Comparing Formatted Input and Modified List Input
It is important to keep in mind that informats work differently in modified list input than they do in formatted input. So, let's emphasize the point! With formatted input, the informat determines both the length of character variables and the number of columns that are read. The same number of columns are read from each record. For example, the following INPUT statement using formatted input:
input @1 City $12. @15 Pop2000 comma10.;
uses the $12. character informat to tell SAS to set the length of the city variable to 12 as well as to read columns 1 to 12 when reading in these data values:
City | Pop2000 |
---|---|
New York | 8,008,278 |
Los Angeles | 3,694,820 |
Chicago | 2,896,016 |
Huston | 1,953,631 |
Philadelphia | 1,517,550 |
The informat in the modified list input, on the other hand, determines only the length of the modified variable, not the number of columns that are read. Here:
input city & $12. pop2000 : comma.;
the raw data values are read until two consecutive blanks are encountered when reading in these data values suitable for list input:
City | Pop2000 |
---|---|
New York | 8,008,278 |
Los Angeles | 3,694,820 |
Chicago | 2,896,016 |
Huston | 1,953,631 |
Philadelphia | 1,517,550 |
20.5 - Mixing Input Styles
20.5 - Mixing Input StylesOf course, the first thing we always do when trying to read data from a raw data file into a SAS data set is to review the data to determine whether we need to use column, formatted, or list input to read in the data values. There are some situations, however, in which just one input method doesn't do the trick. In those cases, we'll want to consider mixing input styles, that is, using more than one input method simultaneously. Let's take a look at an example!
Example 20.17
The following program illustrates using column input, list input, and formatted input simultaneously to read in data concerning five U.S. national parks:
DATA nationalparks;
input ParkName $ 1-22 State $ Year @40 Acreage comma9.;
DATALINES;
Yellowstone ID/MT/WY 1872 4,065,493
Everglades FL 1934 1,398,800
Yosemite CA 1864 760,917
Great Smoky Mountains NC/TN 1926 520,269
Wolf Trap Farm VA 1966 130;
RUN;
PROC PRINT data = nationalparks;
format acreage comma9.;
RUN;
Obs | ParkName | State | Year | Acreage |
---|---|---|---|---|
1 | Yellowstone | ID/MT/WY | 1872 | 4,065,493 |
2 | Everglades | FL | 1934 | 1,398,800 |
3 | Yosemite | CA | 1864 | 760,917 |
4 | Great Smoky Mountains | NC/TN | 1926 | 520,269 |
5 | Wolf Trap Farm | VA | 1966 | 130 |
Reviewing the data, you can see that:
- Column input is an appropriate method for the first field (ParkName) because the values can be read as standard character values and are arranged in a neatly defined column.

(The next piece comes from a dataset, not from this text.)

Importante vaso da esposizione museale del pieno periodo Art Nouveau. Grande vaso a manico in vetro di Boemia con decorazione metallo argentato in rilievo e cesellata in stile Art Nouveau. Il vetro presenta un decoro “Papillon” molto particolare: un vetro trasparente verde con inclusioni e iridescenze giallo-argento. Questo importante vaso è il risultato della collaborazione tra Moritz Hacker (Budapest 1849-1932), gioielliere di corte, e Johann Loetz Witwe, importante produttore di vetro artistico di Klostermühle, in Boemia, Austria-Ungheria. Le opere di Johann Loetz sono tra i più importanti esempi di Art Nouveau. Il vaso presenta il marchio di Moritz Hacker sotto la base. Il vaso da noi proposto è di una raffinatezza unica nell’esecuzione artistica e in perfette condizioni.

- The next two fields are candidates for list input, as they are separated by a single blank while the first (State) contains standard character values and the second (Year) contains standard numeric values.
- The values in the last field (Acreage) are arranged in a neatly defined column, but the values require an informat. Therefore, formatted input is an appropriate method.

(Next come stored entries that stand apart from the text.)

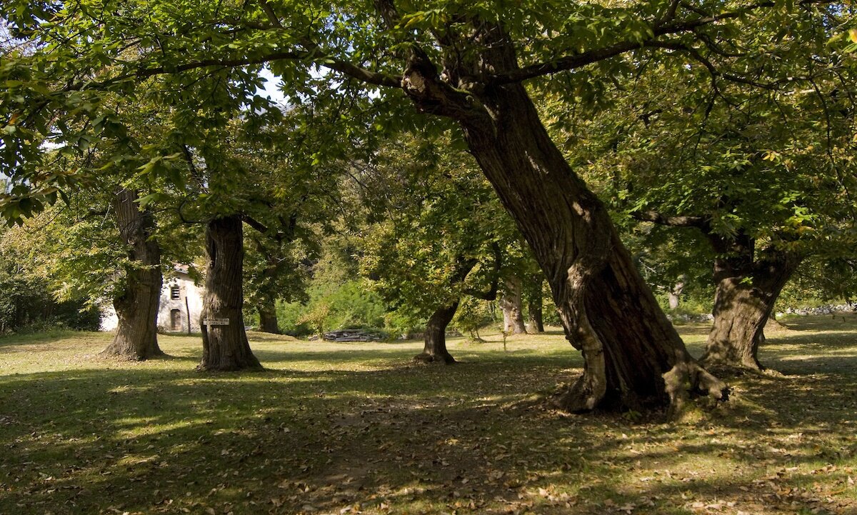 Once we reach Pianaura, we reach a fork and turn right to continue the climb towards Troiana, where the asphalt gives way to a dirt road, and Carobbi, a nice spot surrounded by beautiful chestnut groves. From Carobbi the forest road continues uphill in the direction of the Passo Due Sassi. Here it's definitely worth making a stop to admire the view over Lake Garda from one of two large rocks.
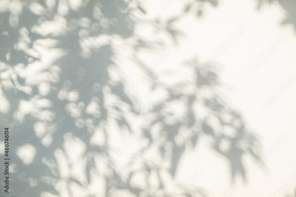 Shadow and sunshine of leaves reflection. Jungle gray darkness shade and lighting on concrete wall, shadows overlay effect, mockup and design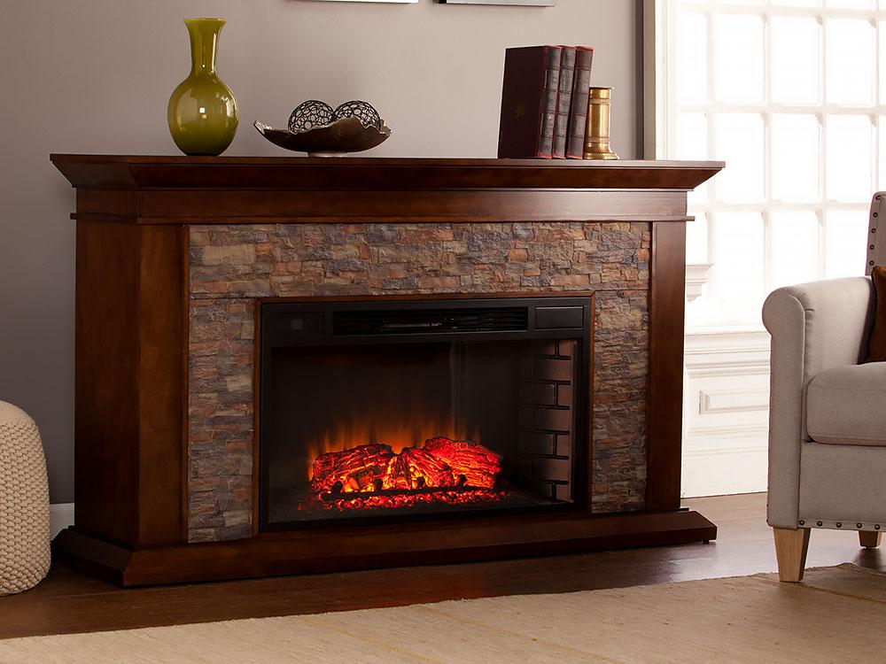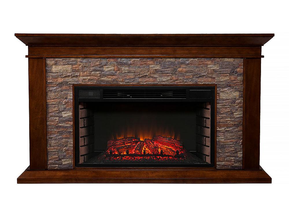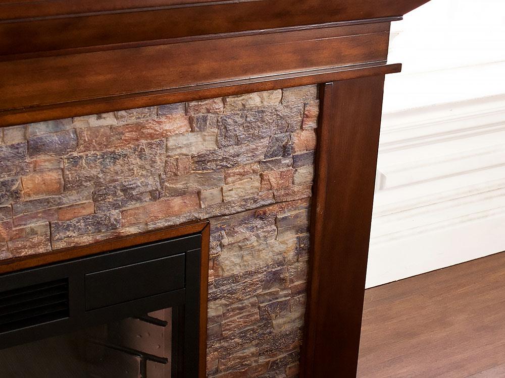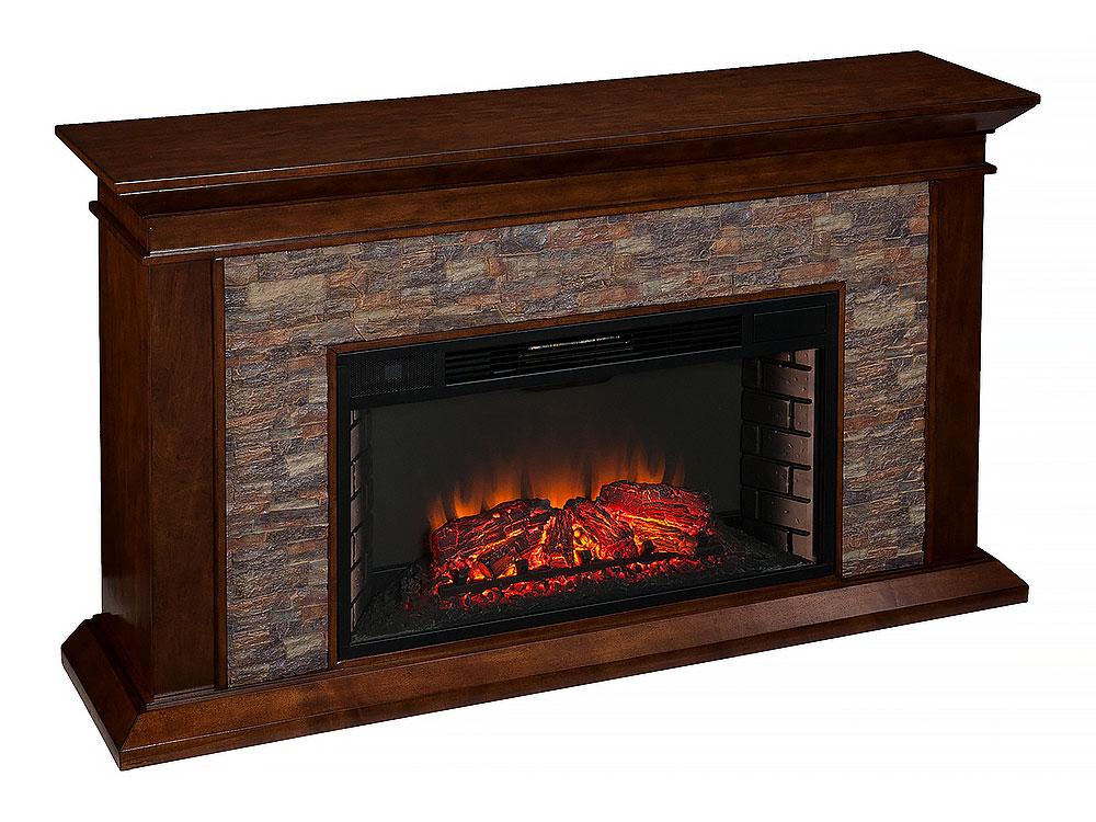 Auburn 45.5 in. Faux Stone Media Electric Fireplace TV Stand in Brown Sienna

As you can see by the INPUT statement, mixing the input styles is easily achieved by simply using the different methods within the same INPUT statement. Launch and run the SAS program, and review the output to convince yourself that SAS read in the data properly.
20.6 - Summary
20.6 - SummaryIn this lesson, we extended our knowledge of how to read data from various types of data files into SAS data sets.
The homework for this lesson will give you more practice with these techniques so that you become even more familiar with how they work and can use them in your own SAS programming.